Center of Ophthalmology, University of Cologne

Purpose: Although a lot of progress had been made in conventional therapy and diagnostics some eye diseases still lead to an unacceptable risk of blindness. Among them are the hereditary retinal dystrophies, glaucoma, and destructions of the anterior segment after trauma or fatal inflammatory diseases. The application of new technologies and the integration of microelectronic sensors and actuators after biocompatible encapsulation as implants can help to improve the situation.

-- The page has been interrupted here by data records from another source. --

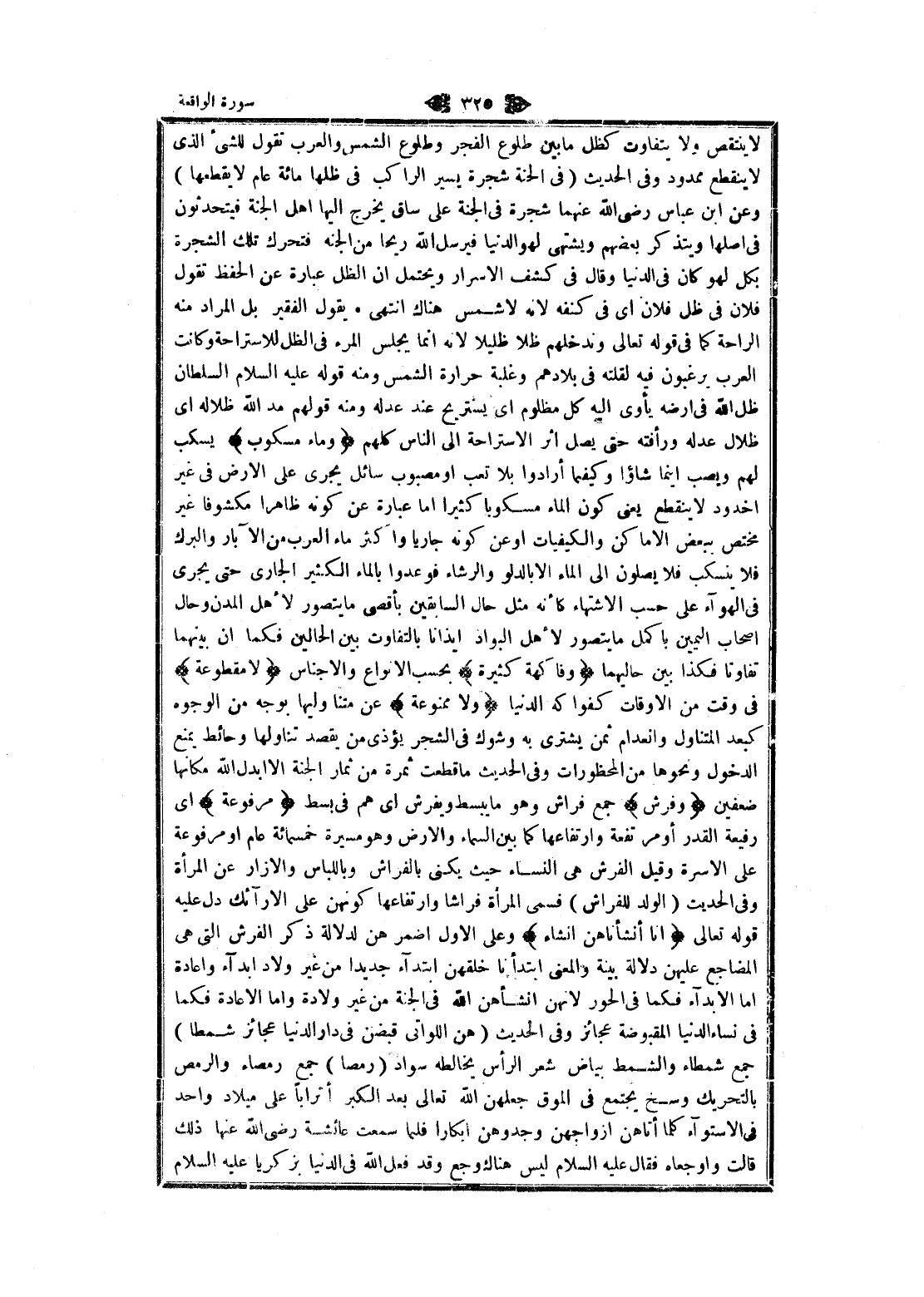 لا ينتقص ولا يتفاوت كظل ما بين طلوع الفجر وطلوع الشمس والعرب تقول للشيء الذي لا ينقطع ممدود وفي الحديث (فى الحنة شجرة يسير الراكب في ظلها مائة عام لا يقطعها) وعن ابن عباس رضى الله عنهما شجرة في الجنة على ساق يخرج إليها اهل الجنة فيتحدثون فى أصلها ويتذكر بعضهم ويشتهى لهو الدنيا فيرسل الله ريحا من الجنة فتحرك تلك الشجرة بكل لهو كان في الدنيا وقال في كشف الاسرار ويحتمل ان الظل عبارة عن الحفظ تقول فلان في ظل فلان اى في كنفه لانه لا شمس هناك انتهى يقول الفقير بل المراد منه الراحة كما في قوله تعالى وندخلهم ظلا ظليلا لانه انما يجلس المرء في الظل للاستراحة وكانت العرب يرغبون فيه لقلته في بلادهم وغلبة حرارة الشمس ومنه قوله عليه السلام السلطان ظل الله في ارضه يأوى اليه كل مظلوم اى يستريح عند عدله ومنه قولهم مد الله ظلاله اى ظلال عدله ورأفته حتى يصل اثر الاستراحة الى الناس كلهم وَماءٍ مَسْكُوبٍ يسكب لهم ويصب أينما شاؤا وكيفما أرادوا بلا تعب او مصبوب سائل يجرى على الأرض في غير أخدود لا ينقطع يعنى كون الماء مسكوبا كثيرا اما عبارة عن كونه ظاهرا مكشوفا غير مختص ببعض الأماكن والكيفيات او عن كونه جاريا واكثر ماء العرب من الآبار والبرك فلا ينسكب فلا يصلون الى الماء الا بالدلو والرشاء فوعدوا بالماء الكثير الجاري حتى يجرى فى الهولء على حسب الاشتهاء كأنه مثل حال السابقين بأقصى ما يتصور لأهل المدن وحال اصحاب اليمين بأكمل ما يتصور لأهل البواد إيذانا بالتفاوت بين الحالين فكما ان بينهما تفاوتا فكذا بين حاليهما وَفاكِهَةٍ كَثِيرَةٍ بحسب الأنواع والأجناس لا مَقْطُوعَةٍ فى وقت من الأوقات كفواكه الدنيا وَلا مَمْنُوعَةٍ عن متناوليها بوجه من الوجوه كبعد المتناول وانعدام ثمن يشترى به وشوك في الشجر يؤذى من يقصد تناولها وحائط يمنع الدخول ونحوها من المحظورات وفي الحديث ما قطعت ثمرة من ثمار الجنة الا أبدل الله مكانها ضعفين وَفُرُشٍ جمع فراش وهو ما يبسط ويفرش اى هم في بسط مَرْفُوعَةٍ اى رفيعة القدر أو مرتفعة وارتفاعها كما بين السماء والأرض وهو مسيرة خمسمائة عام او مرفوعة على الاسرة وقيل الفرش هى النساء حيث يكنى بالفراش وباللباس والإزار عن المرأة وفي الحديث (الولد للفراش) فسمى المرأة فراشا وارتفاعها كونهن على الأرائك دل عليه قوله تعالى إِنَّا أَنْشَأْناهُنَّ إِنْشاءً وعلى الاول أضمر هن لدلالة ذكر الفرش التي هى المضاجع عليهن دلالة بينة والمعنى ابتدأنا خلقهن ابتداء جديدا من غير ولاد ابداء وإعادة اما الإبداء فكما في الحور لانهن انشأهن الله في الجنة من غير ولادة واما الاعادة فكما فى نساء الدنيا المقبوضة عجائز وفي الحديث (هن اللواتى قبض في دار الدنيا عجائز شمطا) جمع شمطاء والشمط بياض شعر الرأس يخالطه سواد (رمصا) جمع رمصاء والرمص بالتحريك وسخ يجتمع في الموق جعلهن الله تعالى بعد الكبر أترابا على ميلاد واحد فى الاستواء كلما أتاهن أزواجهن وجدوهن أبكارا فلما سمعت عائشة رضى الله عنها ذلك قالت وأوجعاه فقال عليه السلام ليس هناك وجع وقد فعل الله في الدنيا بزكريا عليه السلام
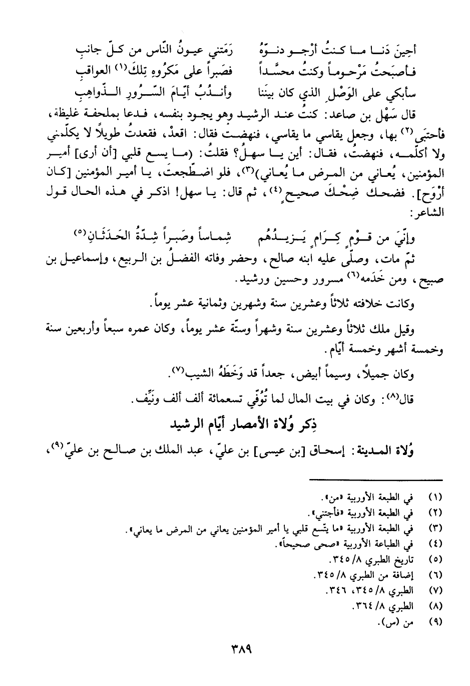 قَالَ سَهْلُ بْنُ صَاعِدٍ: كُنْتُ عِنْدَ الرَّشِيدِ وَهُوَ يَجُودُ بِنَفْسِهِ، فَدَعَا بِمِلْحَفَةٍ غَلِيظَةٍ، فَاحْتَبَى بِهَا، وَجَعَلَ يُقَاسِي مَا يُقَاسِي، فَنَهَضْتُ، فَقَالَ: اقْعُدْ. فَقَعَدْتُ طَوِيلًا لَا يُكَلِّمُنِي وَلَا أُكَلِّمُهُ، فَنَهَضْتُ، فَقَالَ: أَيْنَ يَا سَهْلُ؟ فَقُلْتُ: (مَا يَسَعُ قَلْبِي [أَنْ أَرَى] أَمِيرَ الْمُؤْمِنِينَ يُعَانِي مِنَ الْمَرَضِ مَا يُعَانِي) ، فَلَوِ اضْطَجَعْتَ يَا أَمِيرَ الْمُؤْمِنِينَ [كَانَ أَرْوَحَ] . فَضَحِكَ ضِحْكَ صَحِيحٍ، ثُمَّ قَالَ: يَا سَهْلُ، اذْكُرْ فِي هَذِهِ الْحَالِ قَوْلَ الشَّاعِرِ:
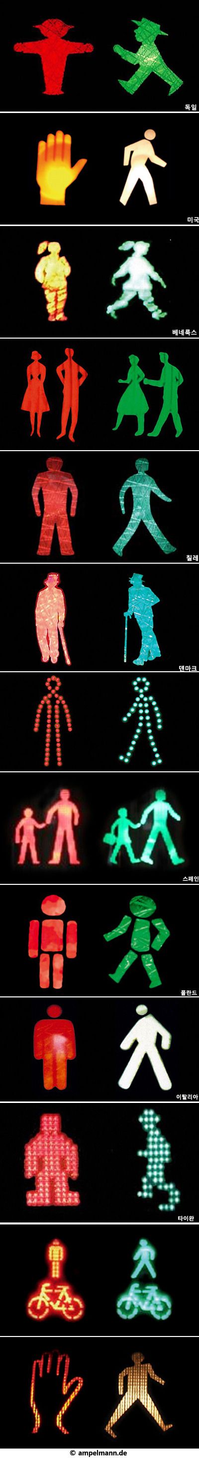 서인도 제도에 있는 과둘루프에서는 점을 이어서 사람을 표현했다. 스페인의 신호등 사람 이미지는 손을 잡은 부자 또는 부녀의 모습이다. 그리고 오스트리아의 신호등 이미지에는 자전거도 포함되어 있어 이색적이고 맨 아래 캐나다 신호등 이미지는 미국의 것을 닮았다.
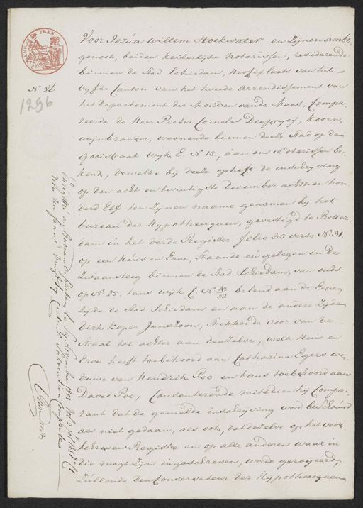 Voor Jozua Willem Hoekwater en zijnen ambt genoot, beiden keizerlijke notarissen, residerende binnen de stad schiedam, hoofdplaats van het vijfde Canton van het tweede Arrondissement van No. 86 het departement der Monden van de Maas, Compa 1296 reerde de Heer Pieter Cornelis Dieprycx, koorn¬ wijnbrander, woonende binnen deeze stad op de Gooistraat wijk E. N. 15., aan ons Notarissen be kend, dewelke bij deeze op heft de inschrijving op den acht en twintigste december achttien hon E derd Elf ten zijnen naame genomen bij het bureau der Rijpotheecquen, gevestigd te Rotter dam in het derde Register folio 35 verso N. 31. op een huis en Erve, staande en gelegen in de zwaansteeg binnen de stad schiedam, van ouds op N. 25, tans wijk C. N.o 43 belend aan de Eenen 32 zijde de stad schiedam en aan de andere zijde dirk koper Janszoon, strekkende voor van de straat tot achter aan denzelve, welk huis en Erve heeft toebehoord aan Catharina Egers we¬ duwe van Hendrik Poo, en tans toebehoord aan David Poo; Consenterende mitsdien hij Compa rant dat de gemelde inschrijving word beschouwd als niet gedaan, als ook, dat dezelve op het voor schreven Register en op alle anderen waar in die mogt zijn ingeschreven, worde geroijeerd, zullende den conservateur der Hijpothecoquen
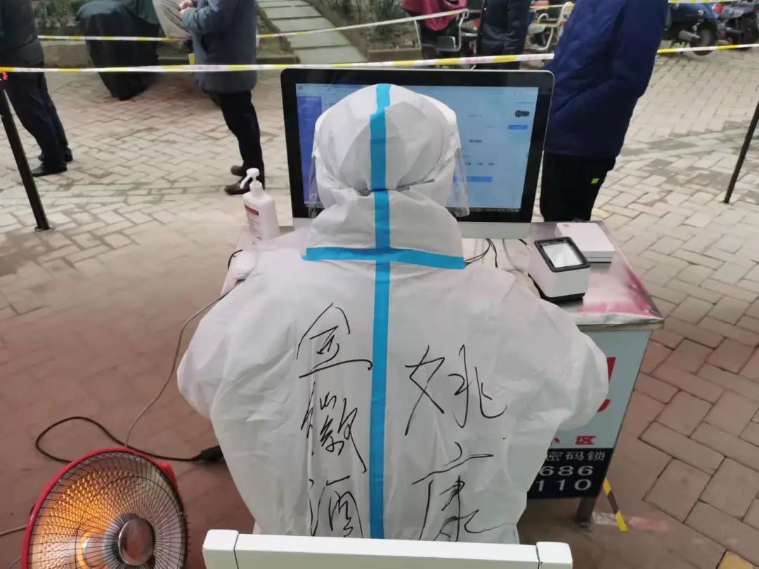12月24日,身着背后写着“金徽酒姚康”防护服的97年小伙,走进了新西蓝小区,开展疫情防控工作。西安大雪,夜间气温已经骤降零度以下。姚康在连续站立工作6小时后,全身已经冻僵。期间同行的志愿者给他递来水和食物,他却笑着拒绝:“喝多了就老爱跑厕所,这边爷爷奶奶比较多,找不到我会很着急的,所以我要‘轻装上阵’”。这几天,姚康所在的小区已经连续采集上万份样本。
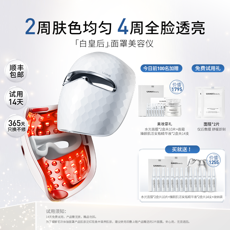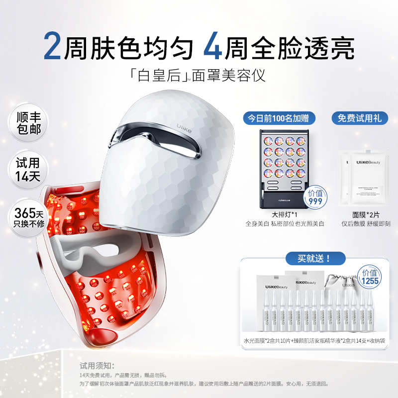 Ulike White Queen mask beauty instrument home facial photon rejuvenation instrument whitening and acne removal red and blue light row lamp
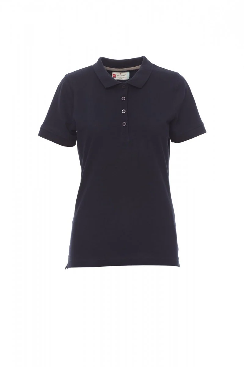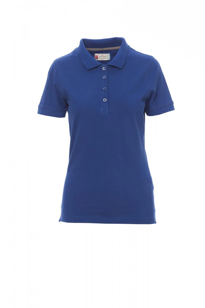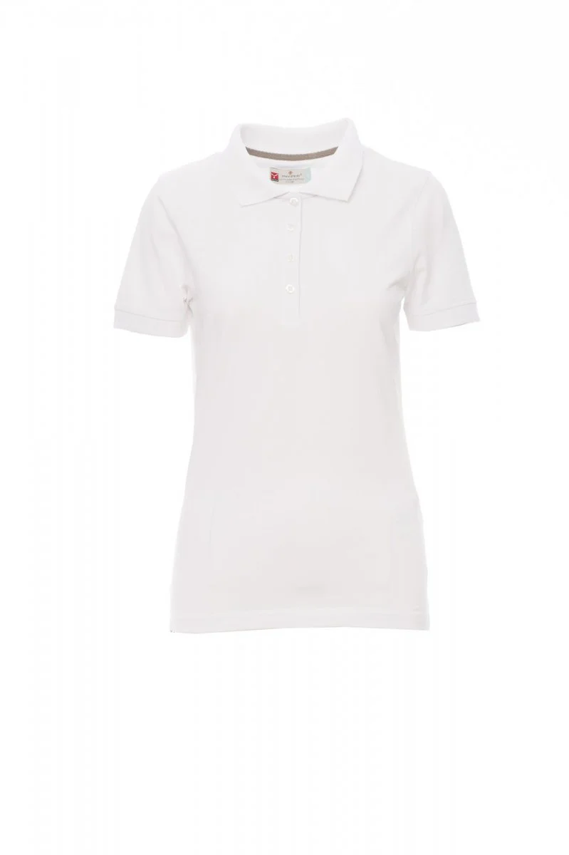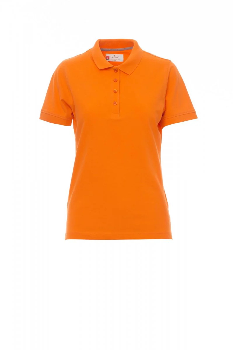 Polo cintré pour femme à manches courtes et 4 boutons assortis effet perlé, col et bordure des manches en bord côtes, fentes latérales, coutures du col couvertes avec ruban en contraste, coutures stretch, ruban de renfort latéral, renfort profilé sur encolure arrière Composition 100% COTON Aspect PIQUET Poids 200 GR/MQ
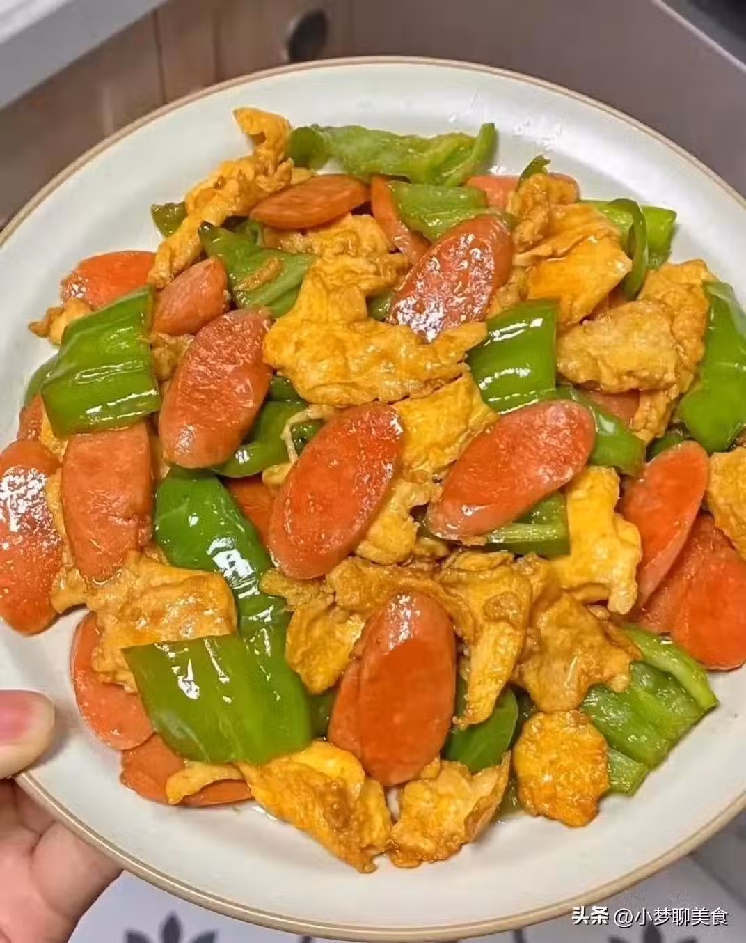 食材:青椒、火腿腸、雞蛋、生抽、蚝油。
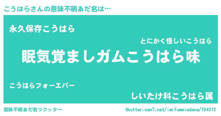 | ヒーロー風カッコイイあだ名 | 『慈愛の使者こうはら』『ネオコウハラ』 |
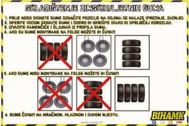 Kada je riječ o skladištenju guma, prije skidanja ih treba označiti prema pozicijama (prednje, zadnje), potom ih skinuti i oprati te dobro obrisati, kako bi se spriječila korozija. Također, preporučuje se vađenje zaglavljenih kamenčića i šljunka iz profila guma.
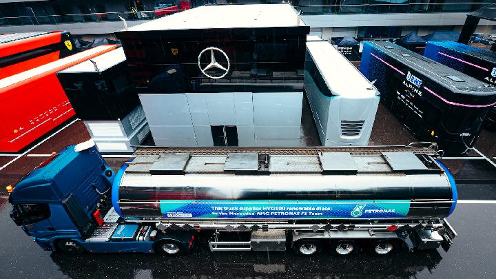 Tim Mercedes-AMG Petronas Formula 1, bekerja sama dengan Title and Technical Partner Petronas dan mitra logistik, tekan emisi gas buang dan irit BBM.
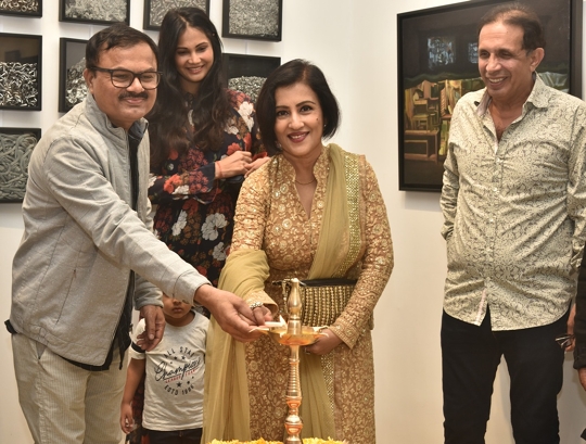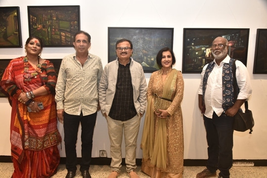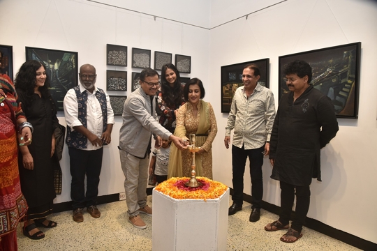 His exhibition at Jehangir Art Gallery, Gallery 3, titled Landscape of Identities was inaugurated by Padma Shri Sudharak Olwe, art collector Parvez Damania, playback singer Madhushree and her composer husband Robby Badal, actress Rupali Suri, celeb nutritionist Rusha Madhwani and director-egalitarian earth warrior Anusha Srinivasan Iyer, sculptor-curator Sanjay Nikam among others.
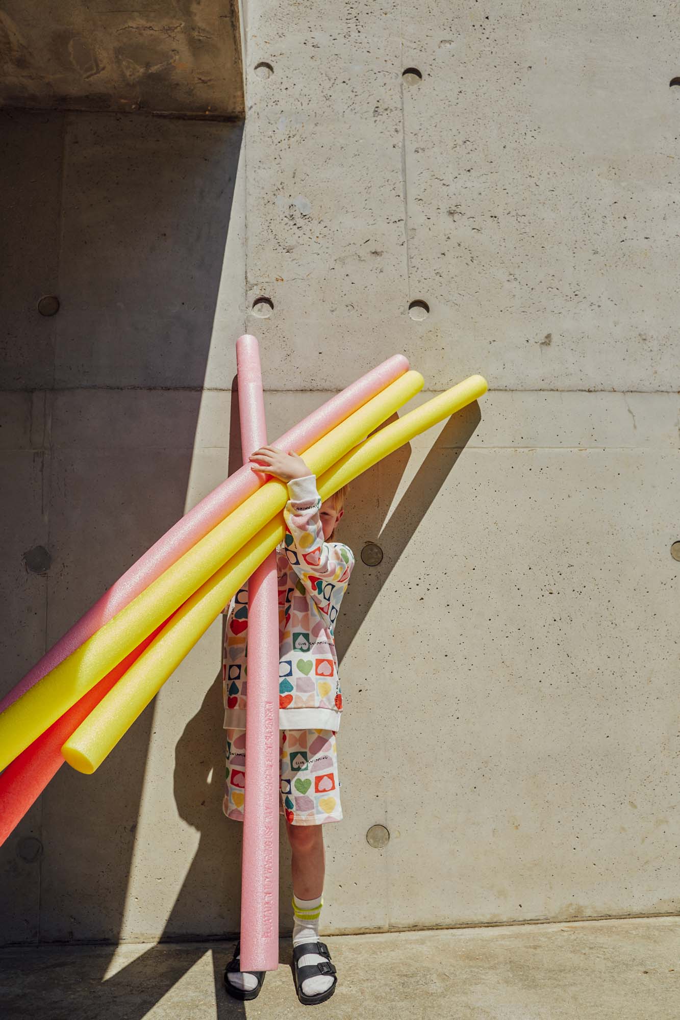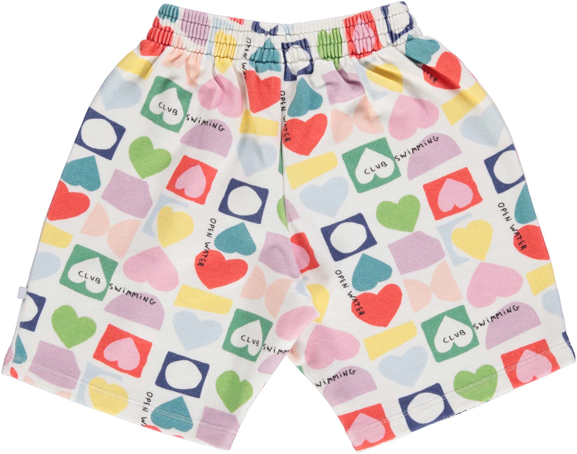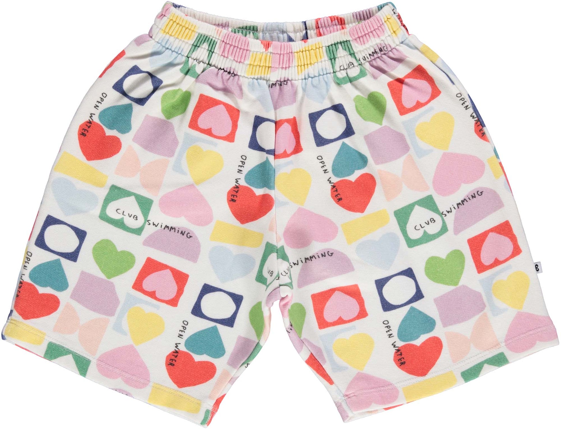 With cut-out hearts on a natural coloured background, these shorts are made from organic recycled fibres. An elastic waist, back pocket and easy fit, make for a comfortable option for freewheeling explorers.

Method: By means of microsystem technology and the arrangement of very small microelectronic elements on flexible substrates active implants can be designed in a way that they are supplied with energy from outside the eye on one hand and that they work even after encapsulation in biocompatible materials. In-vitro and in-vivo research conducted by multidisciplinary expert teams give impressions in active implants for the eye in the future.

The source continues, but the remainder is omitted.